You can list your items for sale online or in-person, depending on your preference and the items you have to sell. If you’re selling items you know are popular, consider listing them on social media marketplaces or public auctions online. Don’t forget to factor shipping costs into the overall prices of your items.

Alternatively, you could schedule a garage sale or other in-person transaction if you believe your items are better purchased directly. Either way, you’ll swap unused items for cash that you can use at your discretion.

Invest

Even after you retire, you can continue putting your money to work. With smart investments, you can use your existing equity to create additional funds. As long as you invest in stocks, bonds, mutual funds, and other financial opportunities that yield dividends, you should see more money in your pocket over time.

If you’re a novice when it comes to investing, consider taking a free online course that teaches you the basics. You’ll learn how to identify and pursue investment opportunities that interest you while avoiding risks. You could also entrust your funds to a professional broker or financial manager who will invest your money on your behalf and report regularly on returns.

Some individuals prefer to invest directly for their retirement. Open a self-directed IRA to invest in real estate and alternative opportunities, where you retain full control over your own investments. You can also contribute to a precious metals IRA that hedges your funds against fluctuations in the current market.

Tap Into Your Home’s Equity

Your home equity is the value of your home, minus any mortgage debt you have yet to pay off. You can tap into your home equity by refinancing your mortgage or through a home equity payment, which allows you to access funds against the value of your home.

Tapping into your home’s equity can provide several benefits. You’ll be able to access considerable funds when you need them, which can be helpful in a pinch. However, tapping into your home equity can also come with drawbacks. Home equity funding is often offered in the form of a loan that must be repaid. That loan will also accrue interest over time.

Savings Accounts and CDs

Different types of savings accounts can help you put money away — and in your pocket — after retirement. These accounts allow you to save money at your discretion, where your funds can generate interest over time. Some institutions will require that you contribute funds into your savings account on a monthly or regular basis.
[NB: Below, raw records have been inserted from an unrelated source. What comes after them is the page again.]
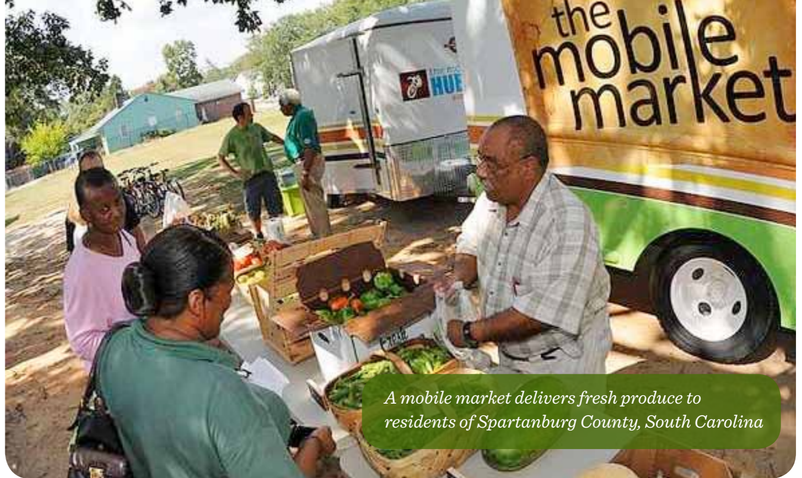
A mobile market delivers fresh produce to residents of Spartanburg County, South Carolina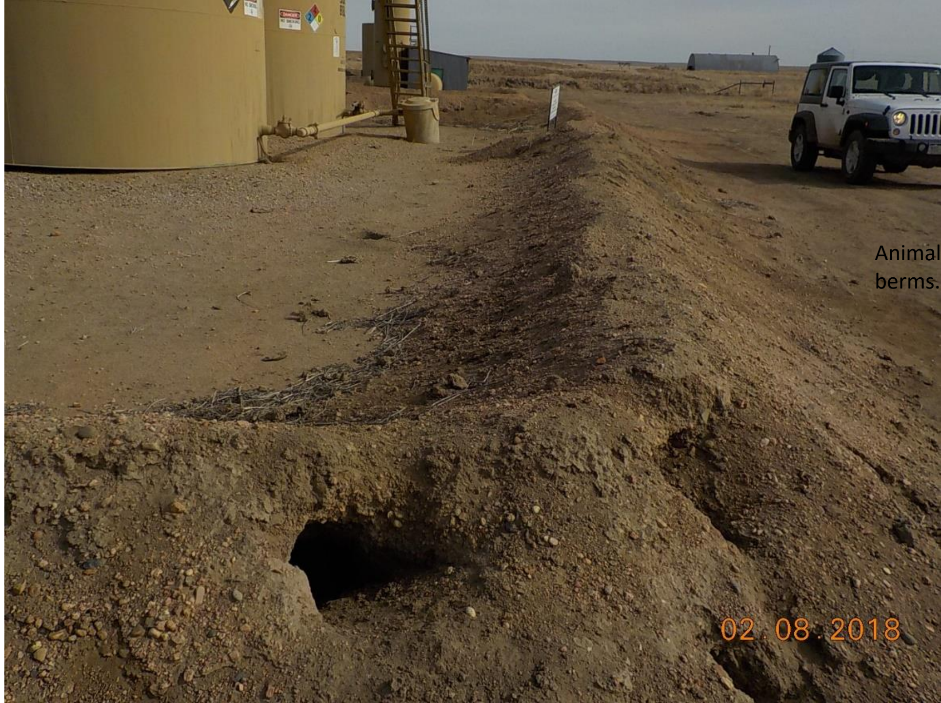
Animal holes in tank berms.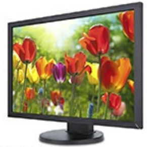
ViewSonic Flicker-Free Technology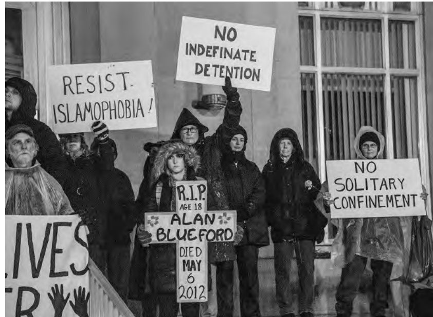
Protest on January 12, 2015, Washington, DC.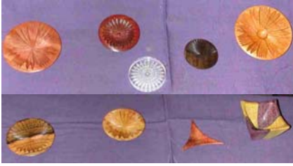
Alisa and Bear Limvere – Miniature forms featuring ornamental turning details and hand carving. Various woods and Lexan.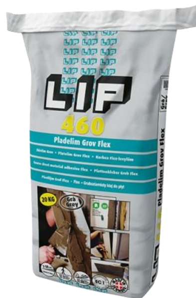
LIP 460 Sheet Adhesive Coarse Flex

UN CPC code: 3733 - Refractory cements, mortars, concretes and similar compositions N.E.C.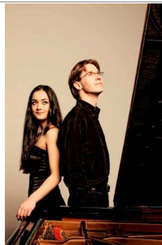
Pianoduo Scholtes/Janssens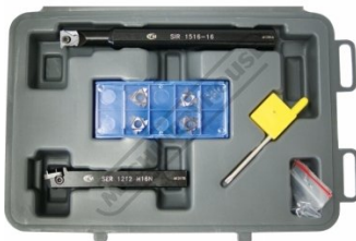
L457 Lathe Threading Tool Kit - Insert Type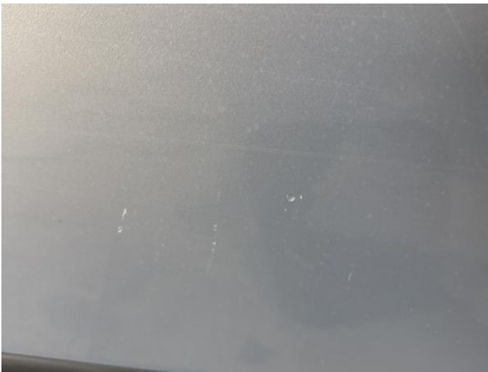
5: Door nsf Chipped 1 To 5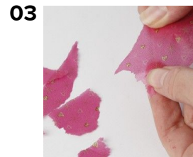
03 Tear the silk paper in to small pieces.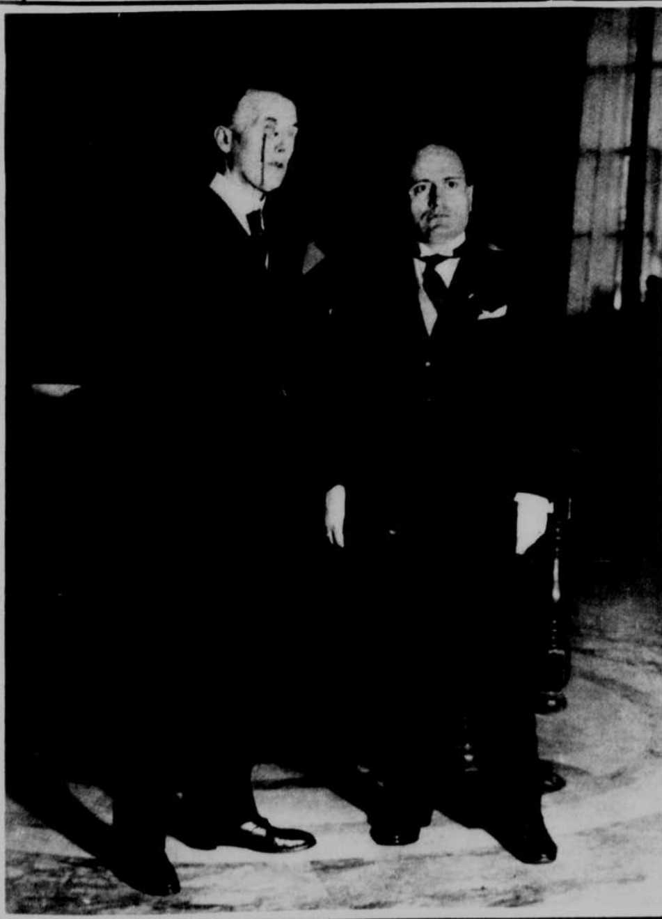
Premier Mussolini receives Austen Chamberlain, British Secretary of State for Foreign Affairs, in Rome, at a conference which revives an Anglo-Italian accord in the Mediterranean.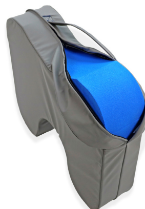
Alpha Footstool Cover PM-8091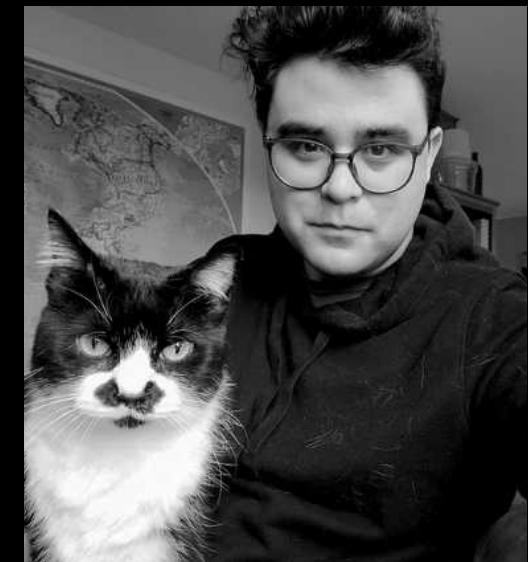
SOUND DESIGNER/MIXER JORDAN EUSEBIO JORDANEUSEBIO.COM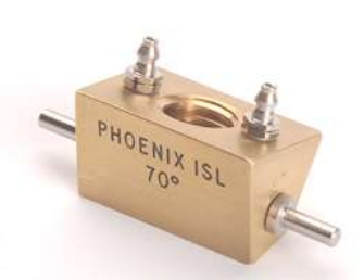
WREN ToFD wedges (Brass)

mainly for use with the WREN Scanner and DTOF & CDTOF Transducers with a reduced land enabling wedges to sit closer to the weld cap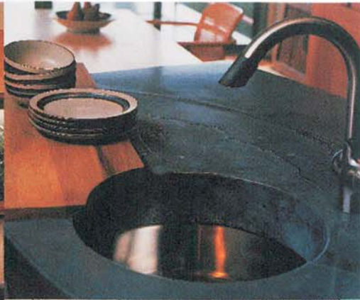
A concrete countertop, LEFT, can be paired with a wood cutting board. Concrete fabricators can create a multitude of colors, BELOW, by adding powdered and liquid pigments.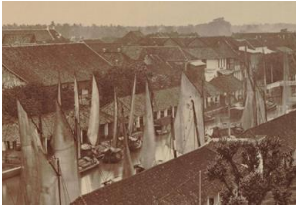
Figure 2. Kali Besar in 1887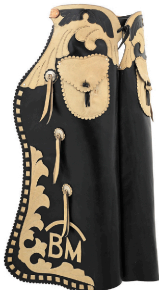
HAMLEY & CO. SHOW CHAPS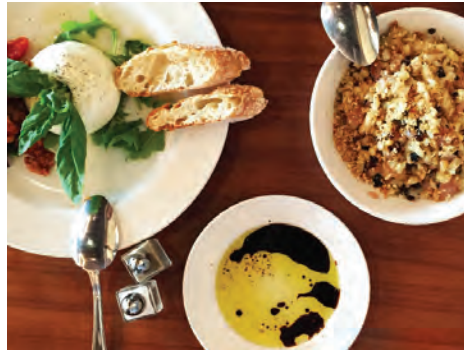
Round 1- Cavolfiore & Burrata

DOPPIO ZERO -As close as Caltrain gets to Italy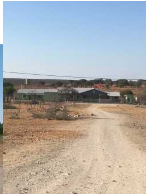
The extended clinic in October 2018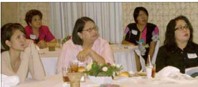
Service providers listen to a colleague provide input during Project Tinituhon's Service Provider Focus Group meeting held on June 22.

The next steps for the Project in the upcoming months include the completion of the environmental scan, additional survey interviews with consumers, and planning for the working group sessions. These activities will move Guam forward in the development of its strategic plan for a comprehensive system of services and supports for young children and their families. (See story on page 5)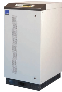
Transformer Based 20kVA - 3.6MVA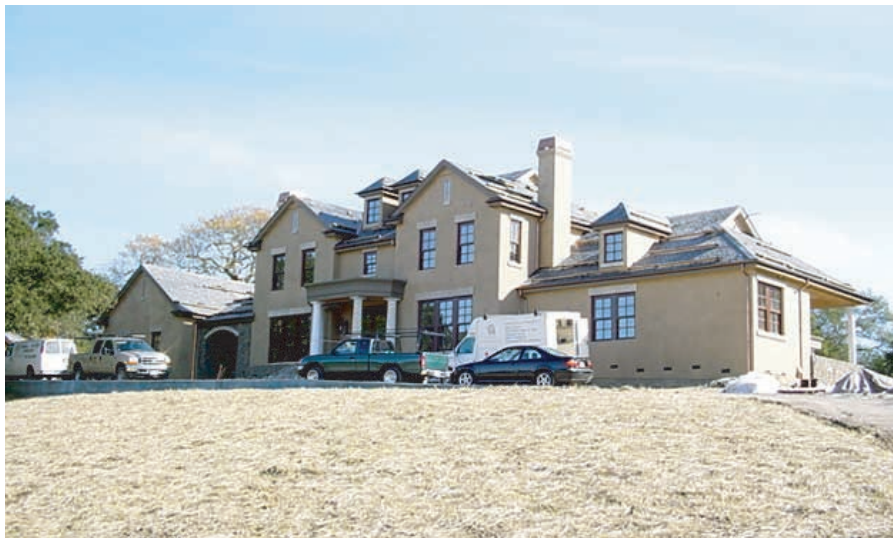
Total Concepts is currently building this custom home in Shiloh Estates with a building schedule of 14 months from start to finish.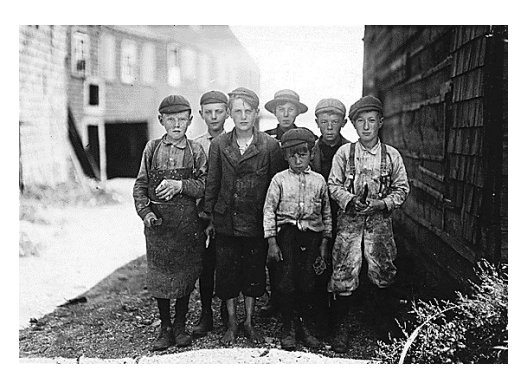
Some boys and girls were so small they had to climb up on to the spinning frame to mend broken threads and to put back the empty bobbins. Bibb Mill No. 1. Macon, Ga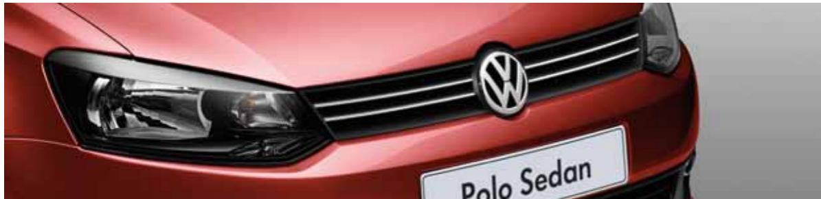
Flash Red Non Metallic D8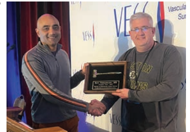
President's Corner continued on page 5

What an amazing experience for a young investigator to be able to present your work in a plenary session and that same day find yourself on the gondola with a member of EC and their children. I returned home and told my wife I planned to attend this meeting every year. Since then, I have missed few and have watched the PVSS develop into the VESS; the premier national society for vascular trainees and surgeons who are early in their careers. Each year, we have seen our presidents continue to support our members through funding research projects, travel scholarships and an ever-expanding program for trainees at the winter meeting. With my presidency, I plan to carry this torch forward in support of our mission.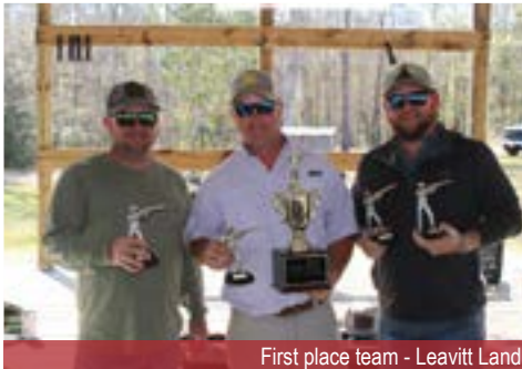
First place team - Leavitt Land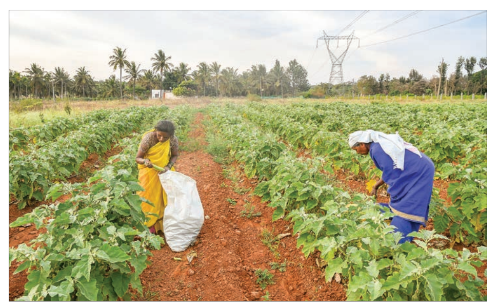
Farmers harvest a crop of brinjal from a field on the outskirts of Bangalore on 2 March 2022.

Exports of wheat recorded a huge surge at 1.7 billion US dollars during April-January 2021-22, growing 387 per cent over the corresponding period in 2020-21, while other cereals registered a growth of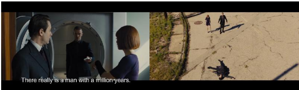
Picture 8: Weis Timelenders is collapsing after one million of Philippe Weis stolen by Will and Sylvia. Meanwhile, the Timekeeper tries to catch them. Unfortunately, Will and Sylvia saves from the Timekeeper. It causes the time of Timekeeper goes away. Then, the Timekeeper dies like the Minuteman gang.

Each of the most common savings account types can help you earn extra income. A deposit account is a basic type of savings account, where you deposit money into an account managed by your bank, credit union, or other financial institution. Similarly, an online savings account is an account sponsored by your financial institution, sometimes an institution without any physical branches or locations.

A certificate of deposit (CD) is another type of savings account available to you. This savings option is relatively safe, insured by the FDIC up to $250,000. Certificate of deposit accounts can generate considerable interest, especially when you make regular, large deposits.

A health savings account (HSA) can also help you save money. When you contribute pre-tax funding toward an HSA account, you can allocate the money toward qualifying medical expenses. You can also use an HSA account to cover a deductible, copay, or other healthcare costs, all as a complement to your existing health insurance package.

Maximize Social Security

Maximizing your Social Security is another great way to put more money in your pocket after you retire. Social Security payments can help ease your transition from full-time work into retirement by subsidizing income.

Reference the below strategies to maximize your Social Security payout:

  • Work until your qualifying retirement age;
  • Wait to claim your Social Security benefits until age 70, since payments increase each year you delay your payout until age 70;
  • Work for a minimum of 35 years to qualify for full payment;
  • Include dependents under age 19.

These and other tips can help you obtain a maximum Social Security payout at the time that you retire.